• **EXERCISE DETAILS**
In the records below, repeat word for word only the lines starting at the one that contains "This multicolor print" and ending at the one that contains "Pasta do zębów", pictures excluded.

• **THE INPUT**
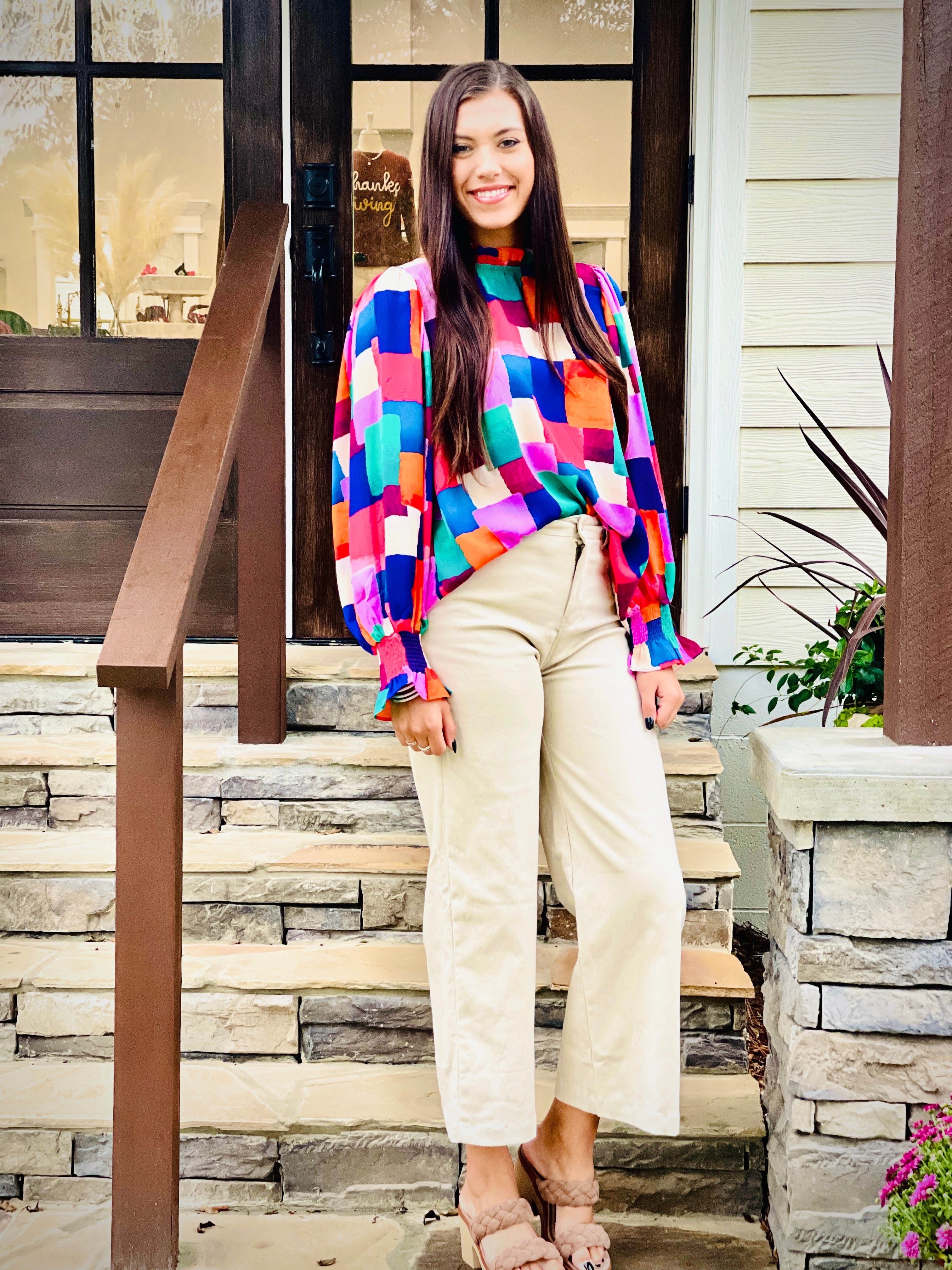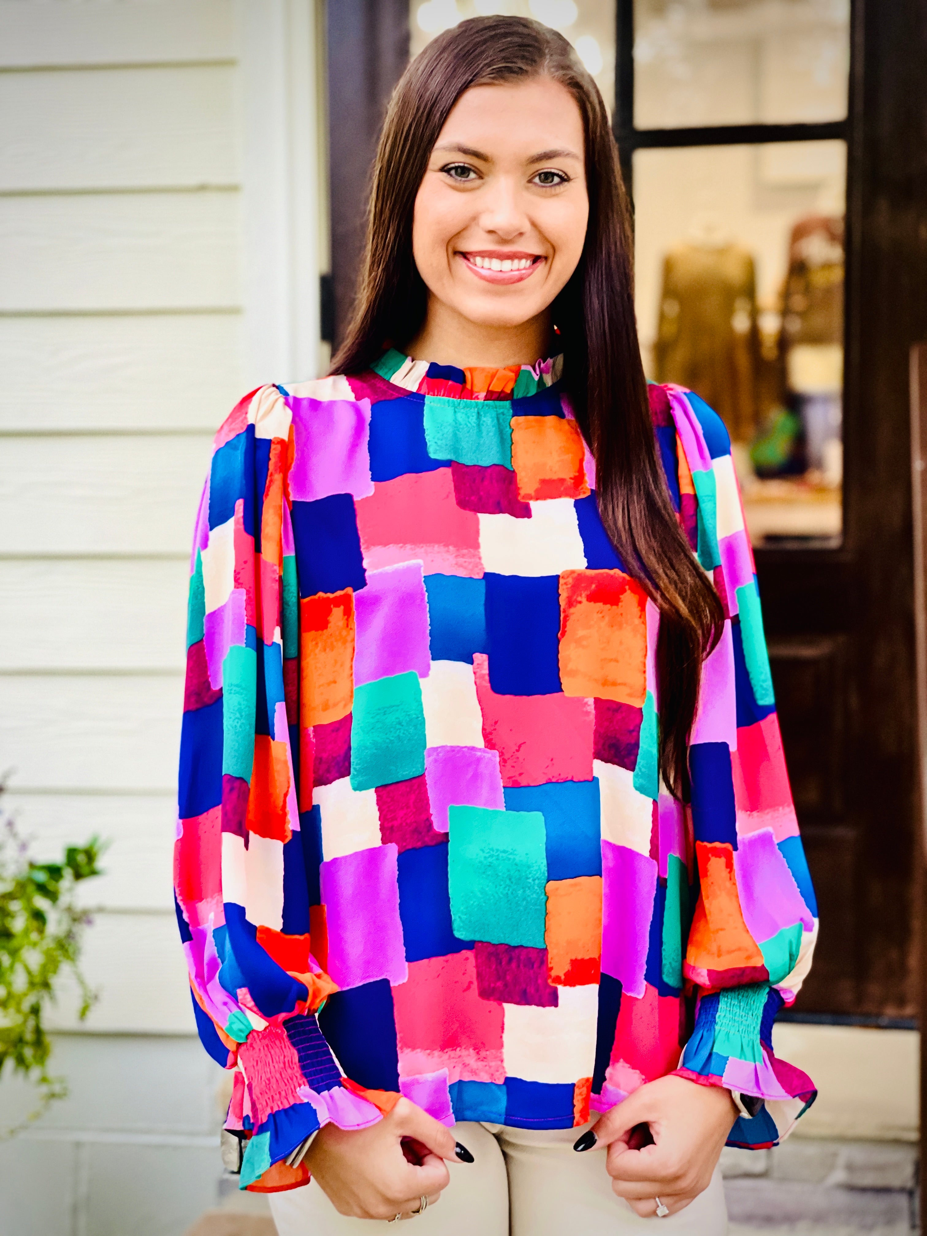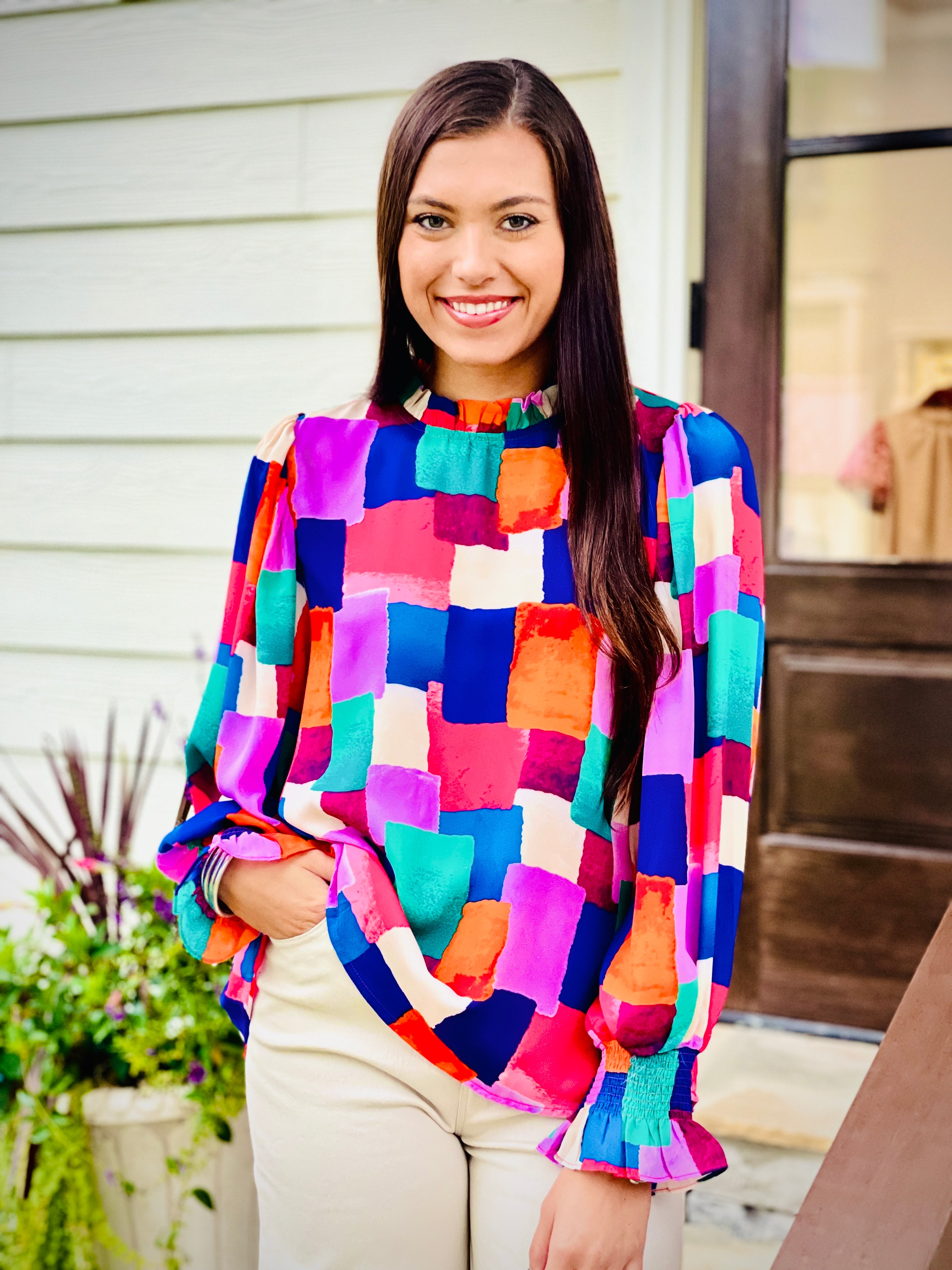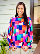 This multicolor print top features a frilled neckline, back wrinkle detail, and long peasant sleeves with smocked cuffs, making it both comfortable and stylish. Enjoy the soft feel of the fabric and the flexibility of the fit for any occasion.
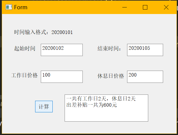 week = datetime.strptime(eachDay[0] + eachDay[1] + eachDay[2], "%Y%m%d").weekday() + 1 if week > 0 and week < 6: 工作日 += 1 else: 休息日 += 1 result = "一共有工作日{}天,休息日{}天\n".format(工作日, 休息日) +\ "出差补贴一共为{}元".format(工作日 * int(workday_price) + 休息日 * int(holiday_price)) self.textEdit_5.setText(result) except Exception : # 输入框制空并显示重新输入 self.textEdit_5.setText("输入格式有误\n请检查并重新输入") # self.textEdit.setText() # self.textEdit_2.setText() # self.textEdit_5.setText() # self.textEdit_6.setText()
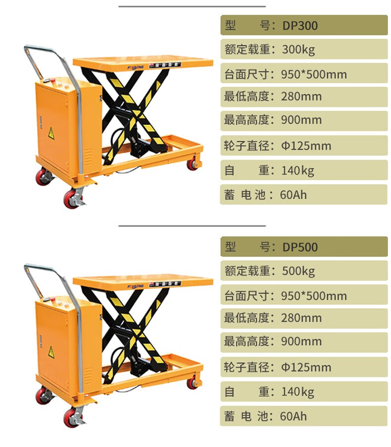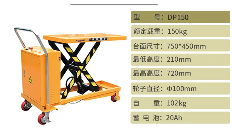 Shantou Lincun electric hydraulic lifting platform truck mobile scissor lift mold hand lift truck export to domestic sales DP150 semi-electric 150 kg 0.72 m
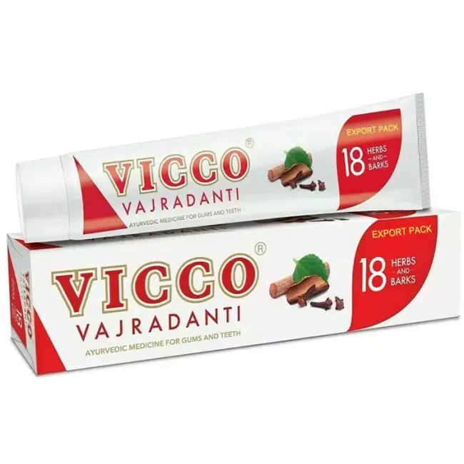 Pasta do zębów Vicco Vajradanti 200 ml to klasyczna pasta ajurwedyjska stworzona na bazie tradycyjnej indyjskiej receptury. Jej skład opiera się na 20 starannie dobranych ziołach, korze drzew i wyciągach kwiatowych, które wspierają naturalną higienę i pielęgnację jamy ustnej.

--

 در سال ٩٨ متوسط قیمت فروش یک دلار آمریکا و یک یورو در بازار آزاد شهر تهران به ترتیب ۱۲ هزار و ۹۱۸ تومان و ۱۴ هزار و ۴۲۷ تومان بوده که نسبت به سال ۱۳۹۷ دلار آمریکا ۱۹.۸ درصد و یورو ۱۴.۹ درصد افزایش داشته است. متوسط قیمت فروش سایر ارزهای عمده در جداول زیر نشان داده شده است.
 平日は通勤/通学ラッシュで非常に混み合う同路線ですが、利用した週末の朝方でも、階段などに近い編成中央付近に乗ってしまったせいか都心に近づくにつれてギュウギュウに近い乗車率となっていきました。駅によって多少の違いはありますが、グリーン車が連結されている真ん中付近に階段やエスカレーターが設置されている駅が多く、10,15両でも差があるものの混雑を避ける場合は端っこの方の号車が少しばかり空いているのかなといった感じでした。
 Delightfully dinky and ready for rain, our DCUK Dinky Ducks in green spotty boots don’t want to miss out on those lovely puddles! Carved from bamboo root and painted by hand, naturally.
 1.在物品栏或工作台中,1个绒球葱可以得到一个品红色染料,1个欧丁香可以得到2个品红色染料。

• **RESULT**
 This multicolor print top features a frilled neckline, back wrinkle detail, and long peasant sleeves with smocked cuffs, making it both comfortable and stylish. Enjoy the soft feel of the fabric and the flexibility of the fit for any occasion.
 week = datetime.strptime(eachDay[0] + eachDay[1] + eachDay[2], "%Y%m%d").weekday() + 1 if week > 0 and week < 6: 工作日 += 1 else: 休息日 += 1 result = "一共有工作日{}天,休息日{}天\n".format(工作日, 休息日) +\ "出差补贴一共为{}元".format(工作日 * int(workday_price) + 休息日 * int(holiday_price)) self.textEdit_5.setText(result) except Exception : # 输入框制空并显示重新输入 self.textEdit_5.setText("输入格式有误\n请检查并重新输入") # self.textEdit.setText() # self.textEdit_2.setText() # self.textEdit_5.setText() # self.textEdit_6.setText()
 Shantou Lincun electric hydraulic lifting platform truck mobile scissor lift mold hand lift truck export to domestic sales DP150 semi-electric 150 kg 0.72 m
 Pasta do zębów Vicco Vajradanti 200 ml to klasyczna pasta ajurwedyjska stworzona na bazie tradycyjnej indyjskiej receptury. Jej skład opiera się na 20 starannie dobranych ziołach, korze drzew i wyciągach kwiatowych, które wspierają naturalną higienę i pielęgnację jamy ustnej.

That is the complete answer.